We validate the effectiveness of Visual-RFT on the following tasks. In fine-grained image classification, the model utilizes its advanced reasoning capabilities to analyze fine-grained categories with high precision. In the oneshot setting with extremely limited data (e.g., around 100 samples), Visual-RFT boosts the accuracy with $24.3%$ over the baseline, while SFT dropped by $4.3%$ . In few-shot experiments, Visual-RFT also demonstrates exceptional performance with minimal training data, showcasing superior few-shot learning capabilities compared to SFT. In reasoning grounding, Visual-RFT excels in the LISA [11] dataset, which heavily relies on reasoning, outperforming specialized models like Grounded SAM [18]. Furthermore, in open vocabulary object detection, Visual-RFT quickly transfers recognition capabilities to new categories, including rare categories in LVIS [5], showing strong generaliza- tion. Specifically, the 2B model achieves mAP improve- ments from 9.8 to 31.3 on new classes of COCO [15] and from 2.7 to 20.7 on selected rare classes of LVIS [5]. These diverse visual perception tasks not only highlight VisualRFT's robust generalization capabilities in visual recognition but also underscore the crucial role of reinforcement learning in enhancing visual perception and reasoning.

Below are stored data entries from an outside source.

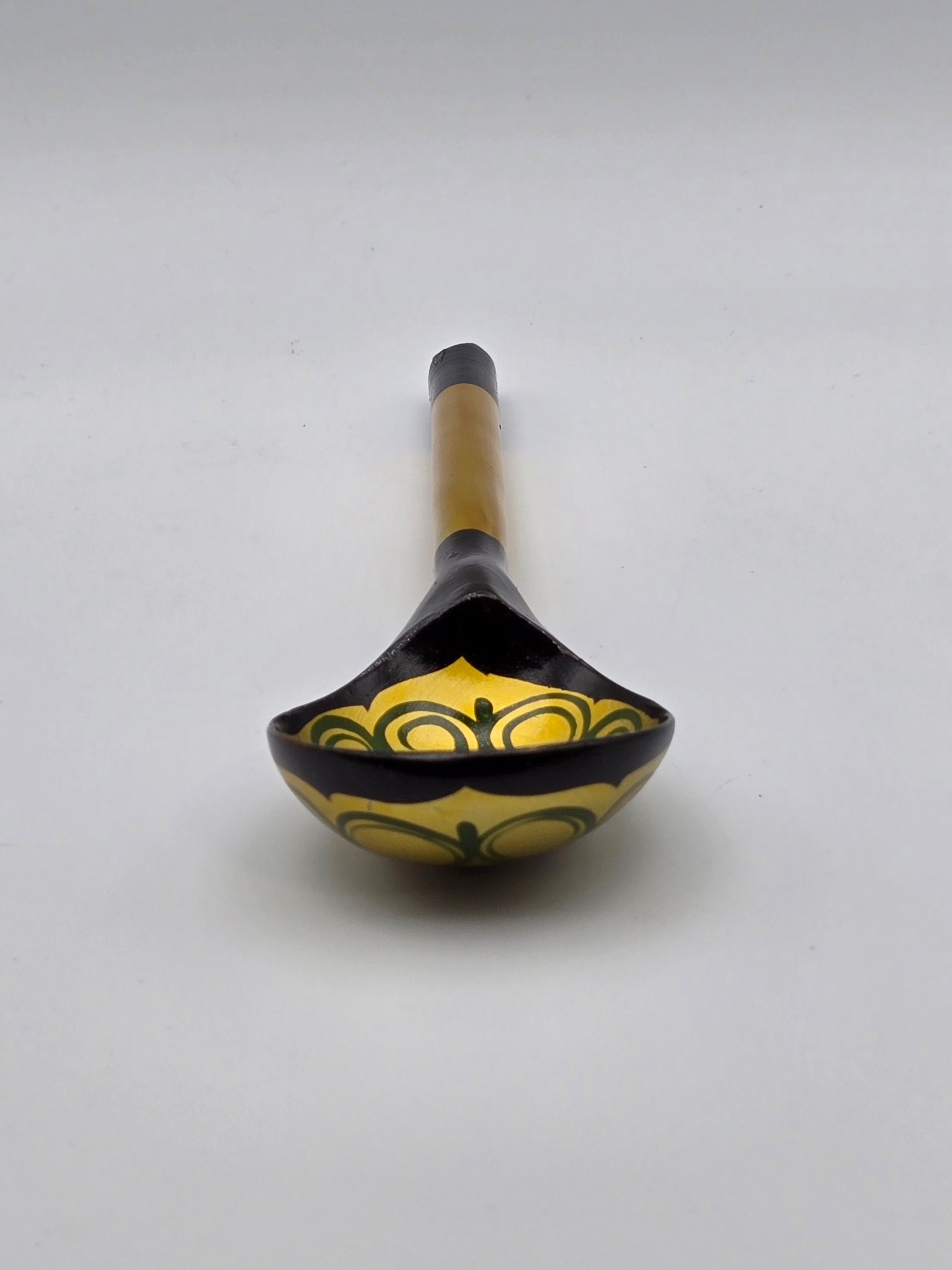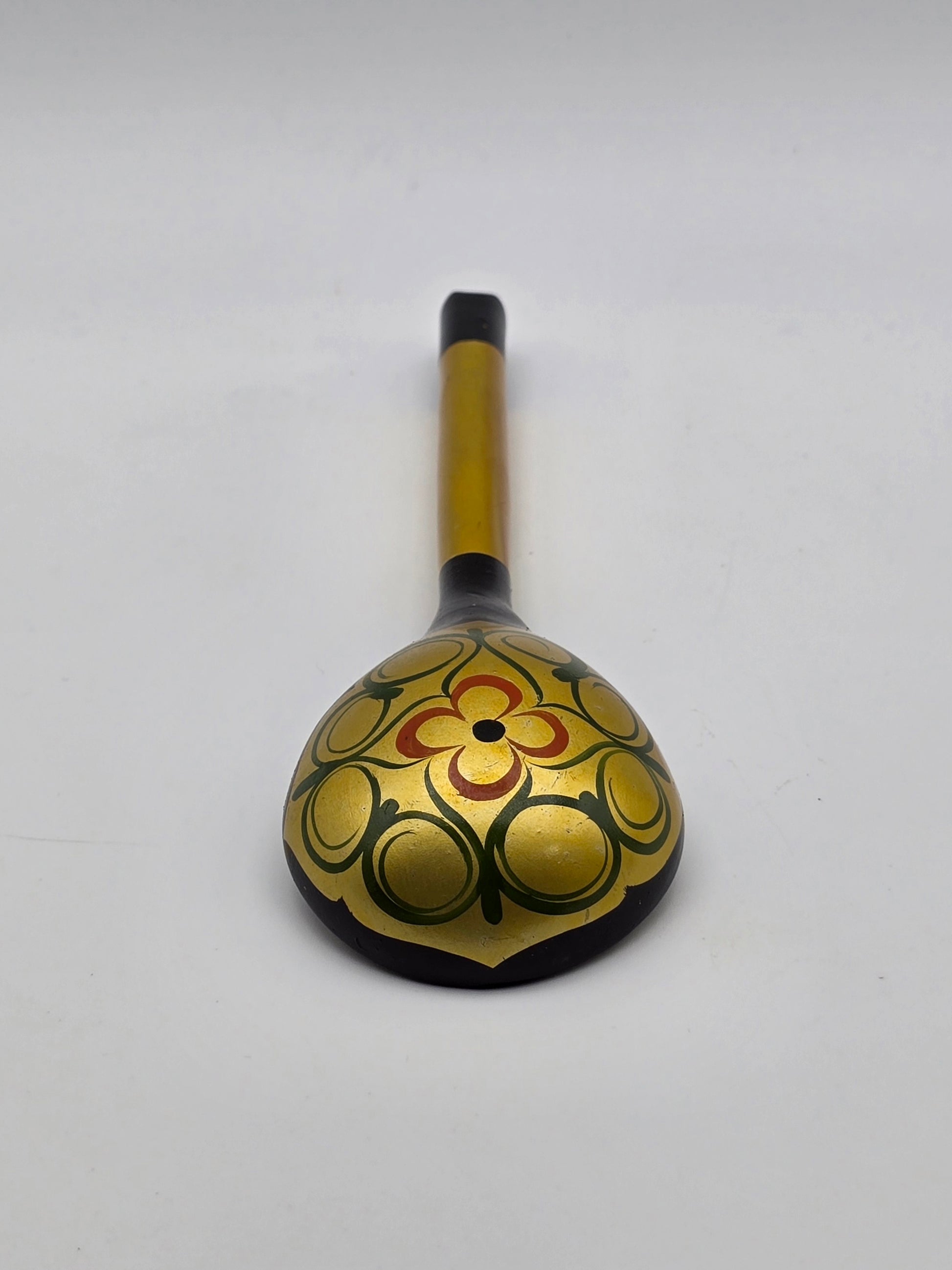 Vintage and Unused Russian Khokhloma Craft Painted Laquered Wood Ladle Spoon 7.25" is a beautiful and unique piece of folk art featuring a traditional Russian design. The ladle spoon is crafted with intricately painted wood, showcasing the cultural craftsmanship and artistic flair of Russian artisans. The floral design on the spoon adds a touch of charm and whimsy to this collectible piece, making it a wonderful addition to any collection or a thoughtful gift for someone who appreciates Russian culture and craftsmanship.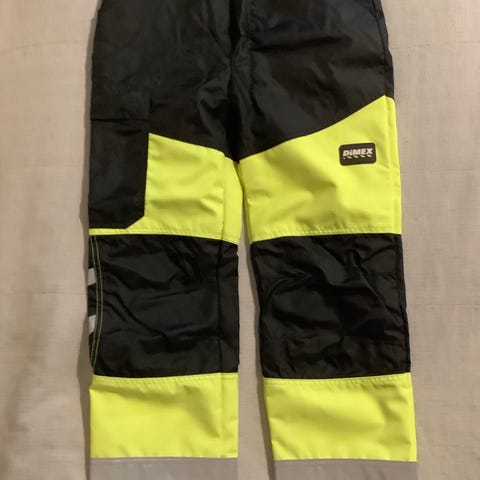 Tästä laadukkaat, erittäin hyvässä kunnossa olevat Dimexin kuoritakki ja -housut 140-senttiselle pikku työmiehelle. Takissa huppu.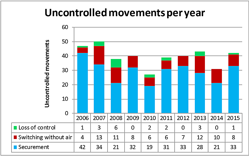 While significant effort has gone into revising CROR Rule 112, the number of occurrences involving uncontrolled movements has increased from 31 in 2014 to 42 in 2015, with a 5-year average of 39. This suggests that more still needs to be done to ensure that the risk of such occurrences is reduced and appropriately mitigated.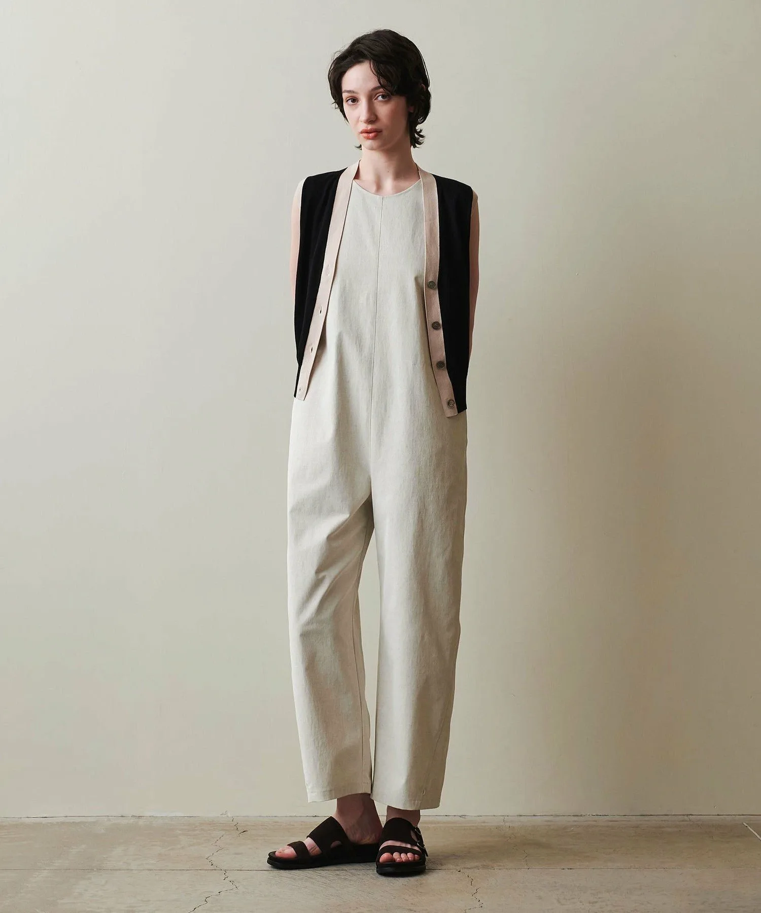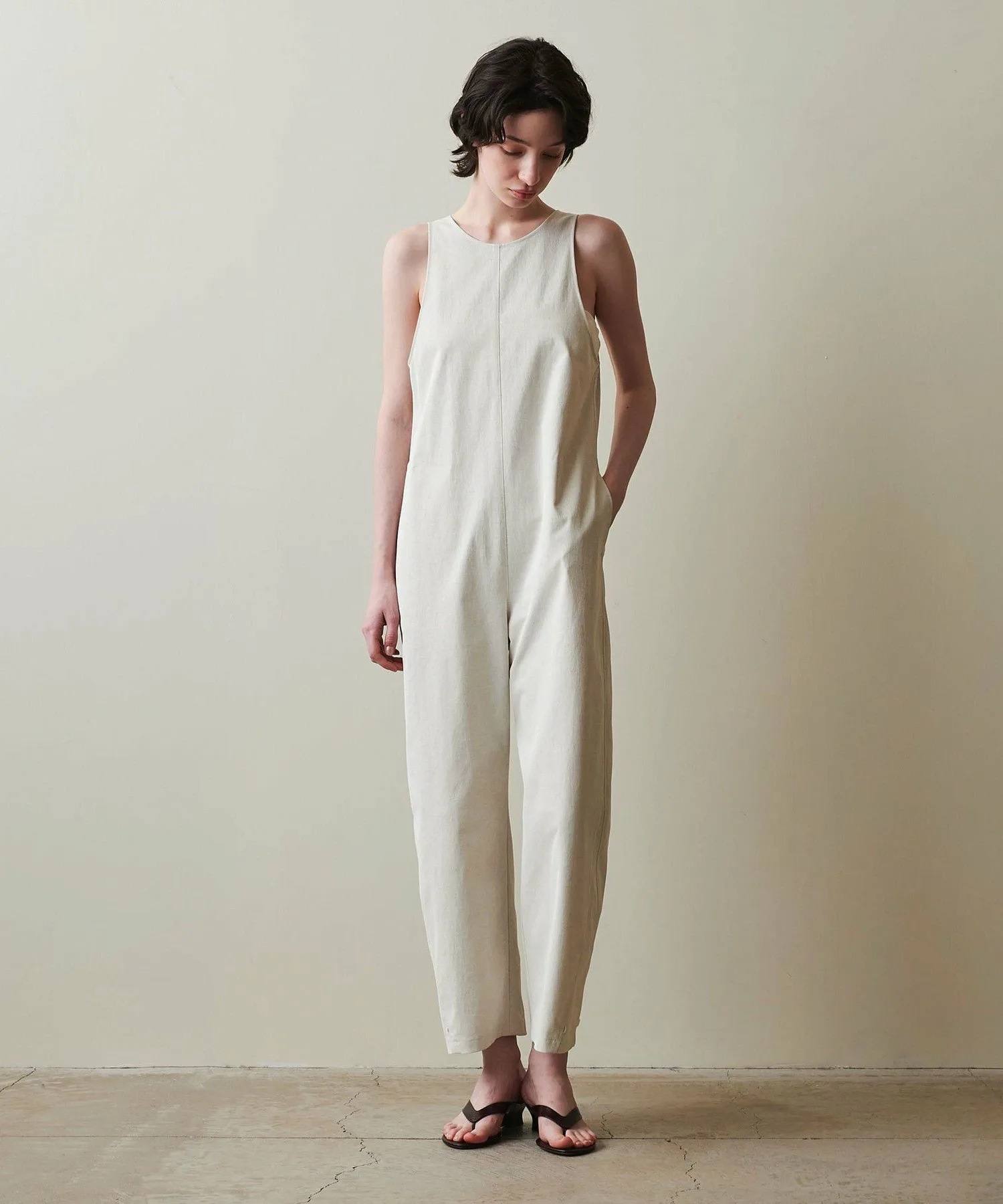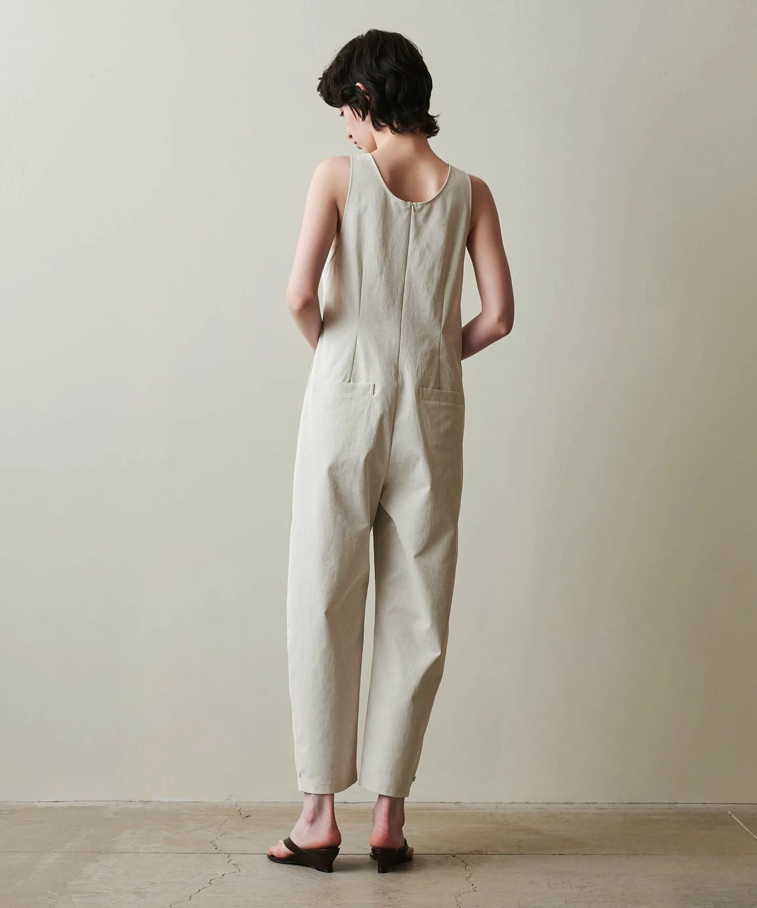 Этот комбинезон изготовлен из гладкого материала с натуральной текстурой.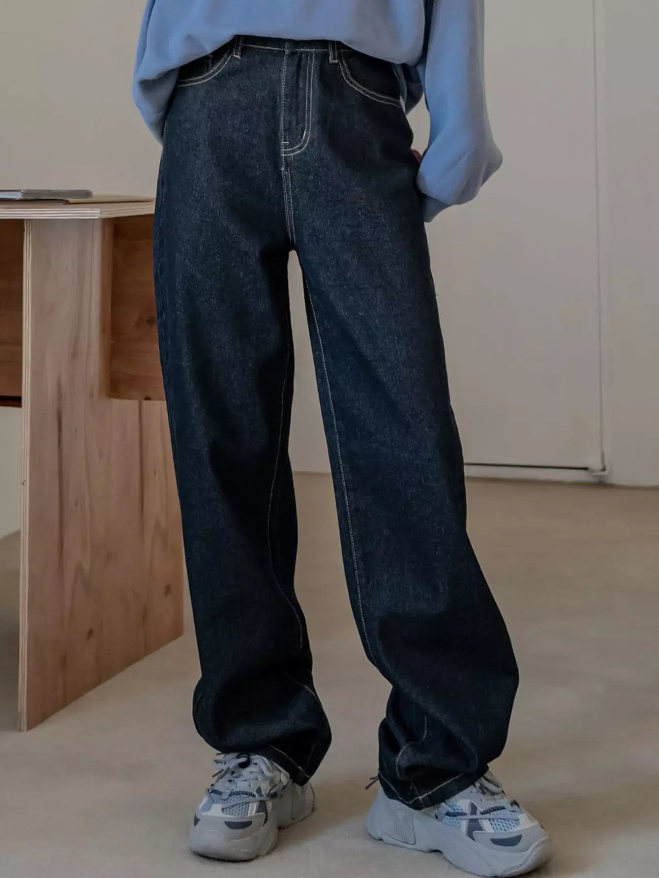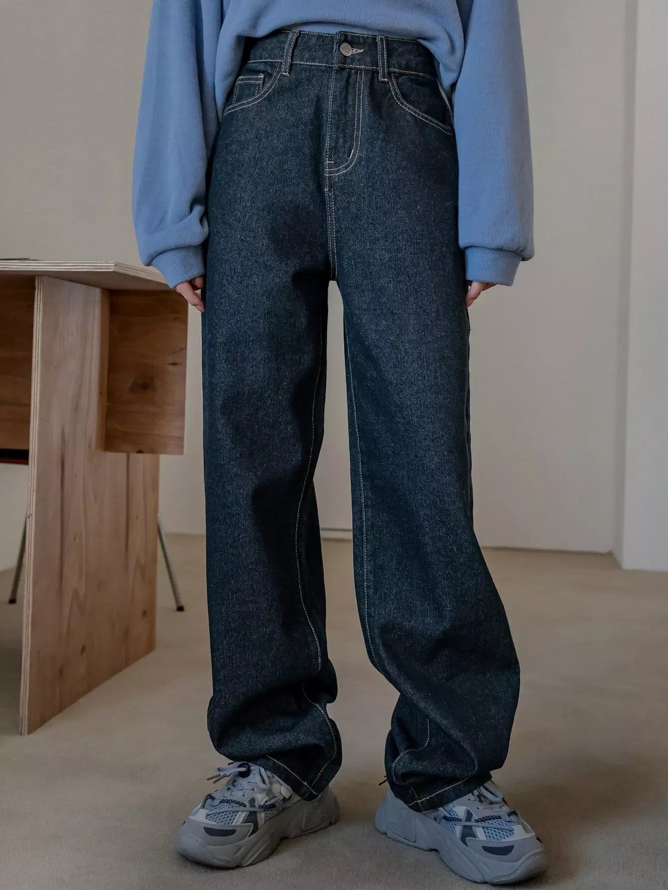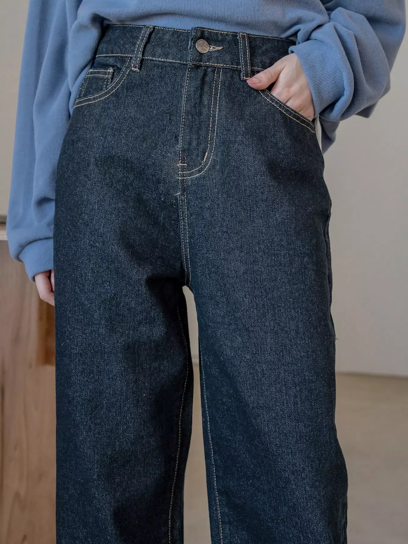 بنطال جينز بجيب مائل بخصر مرتفع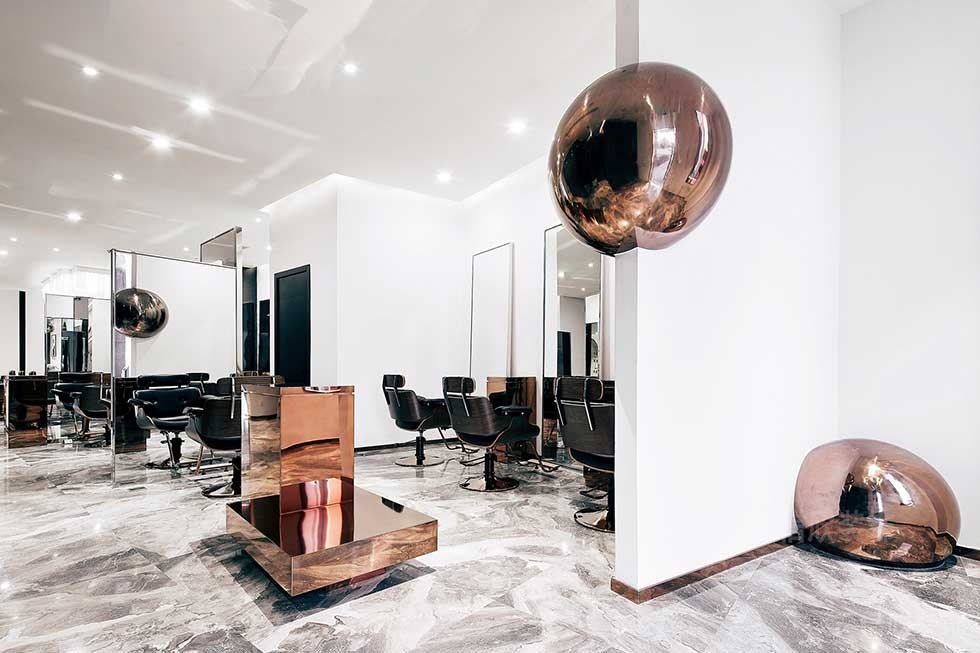 理發區是一個全開放的區域。整齊劃一的座位排布,形成規整的序列,搭建起理發師展現精湛手藝的舞臺。佇立在在舞臺中央的藝術雕像和懸掛在天花下的球體燈飾,則在打破這種均質關系,為整個空間注入靈動的藝術氣息。燈光照明上,設計師采用了盡量克制的方式,以理發區中央的管形藝術吊燈來提亮空間,使顧客能夠沉浸在柔和的氛圍之中。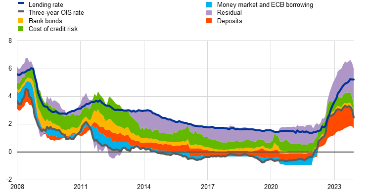 Notes: This chart decomposes the realised lending rate to non-financial corporations (blue line) into contributions from bank cost components. The residual between the realised lending rate and the various cost components identifies a measure of intermediation margin. The costs of deposits, bank bonds and money market and ECB borrowing are expressed as spreads vis-à-vis the base rate, i.e. the three-year overnight index swap rate (black line), weighted by their respective importance in banks’ funding mixes. The latest observations are for December 2023.
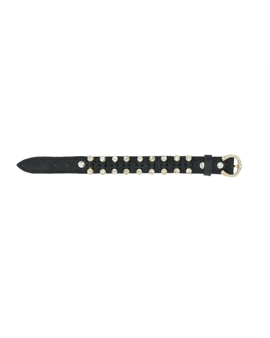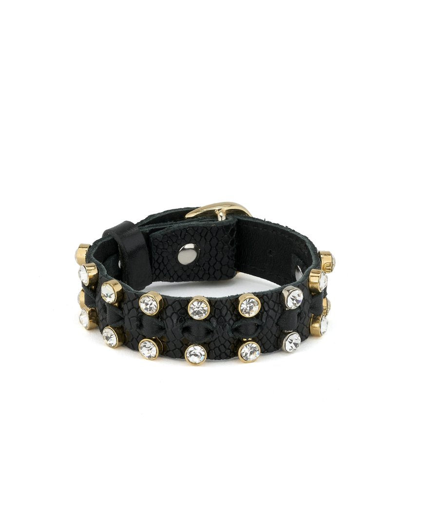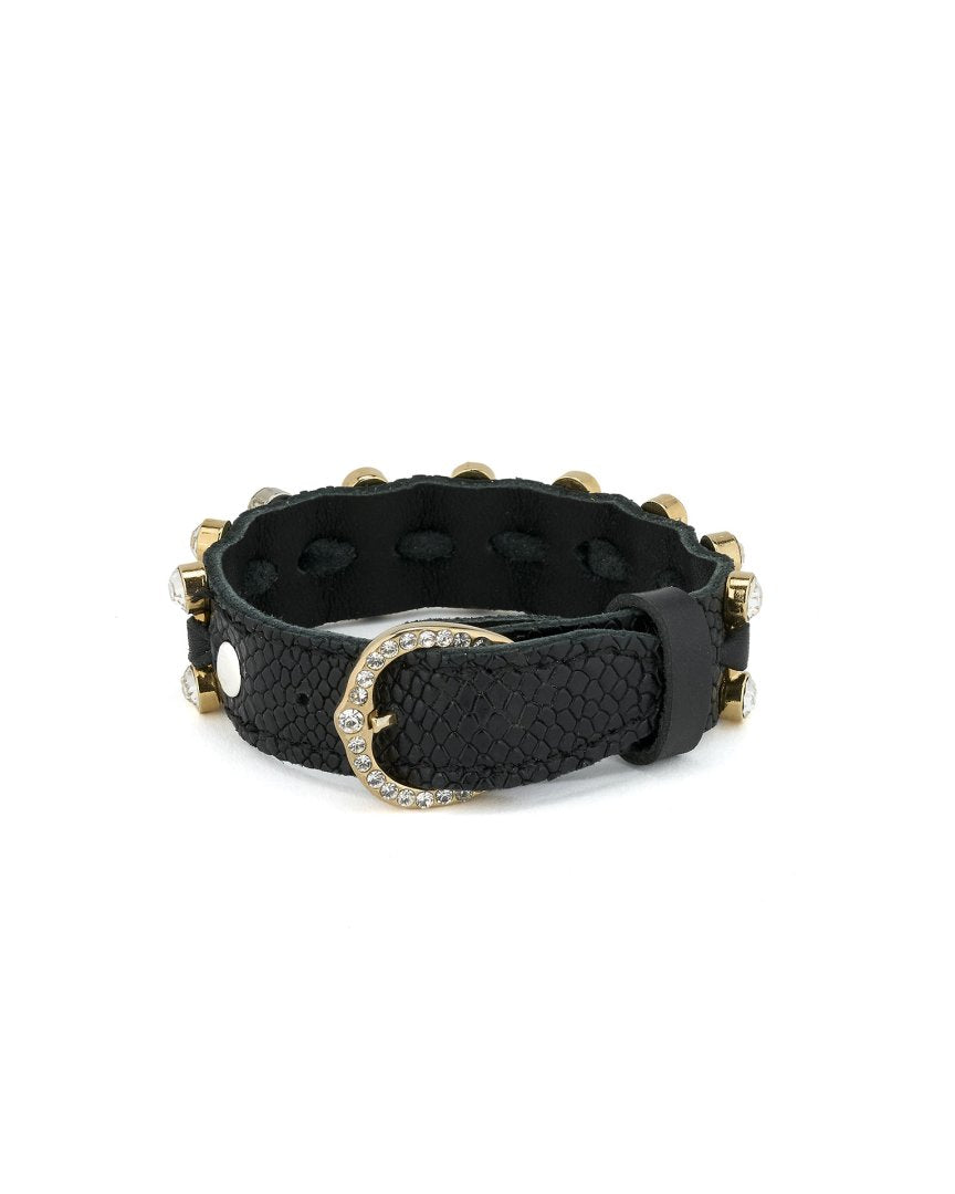 Bracciale In Cuoio Con Strass Aura Lizard-print Black

我们验证了 Visual-RFT 在以下任务中的有效性。在细粒度图像分类中,该模型利用其先进的推理能力,以高精度分析细粒度类别。在数据极其有限(例如约 100 个样本)的单样本设置中,Visual-RFT 的准确率比基线提高了 $24.3%$,而 SFT 则下降了 $4.3%$。在少样本实验中,Visual-RFT 在极少的训练数据下也表现出色,展示了比 SFT 更优越的少样本学习能力。在推理基础任务中,Visual-RFT 在 LISA [11] 数据集上表现出色,该数据集高度依赖推理,超越了 Grounded SAM [18] 等专用模型。此外,在开放词汇目标检测中,Visual-RFT 能够快速将识别能力转移到新类别,包括 LVIS [5] 中的稀有类别,展示了强大的泛化能力。具体而言,2B 模型在 COCO [15] 的新类别上实现了 mAP 从 9.8 到 31.3 的提升,在 LVIS [5] 的选定稀有类别上实现了从 2.7 到 20.7 的提升。这些多样化的视觉感知任务不仅凸显了 Visual-RFT 在视觉识别中的强大泛化能力,还强调了强化学习在增强视觉感知和推理中的关键作用。


Figure 3. Framework of Visual-RFT. Given the question and visual image inputs,the policy model generates multiple responses containing reasoning steps. Then the verifiable reward such as IoU reward and CLS reward is used with the policy gradient optimization algorithm to update the policy model.

图 3: Visual-RFT 框架。给定问题和视觉图像输入,策略模型生成包含推理步骤的多个响应。然后使用可验证的奖励(如 IoU 奖励和 CLS 奖励)与策略梯度优化算法来更新策略模型。

In summary, our key contributions are as follows:

总结来说,我们的主要贡献如下:

(1) We introduce Visual Reinforcement Fine-tuning (Visual-RFT), which extends reinforcement learning with verifiable rewards on visual perception tasks that are effective with limited data for fine-tuning. (2) We design different verifiable rewards for different visual tasks that enable efficient, high-quality reward computation at a negligible cost. This allows the seamless transfer of DeepSeek R1's style reinforcement learning to LVLMs. (3) We conduct extensive experiments on various visual perception tasks, including fine-grained image classification, few-shot object detection, reasoning grounding, and open vocabulary object detection. On all the settings, VisualRFT achieves remarkable performance improvements, significantly surpassing the supervised fine-tuning baselines.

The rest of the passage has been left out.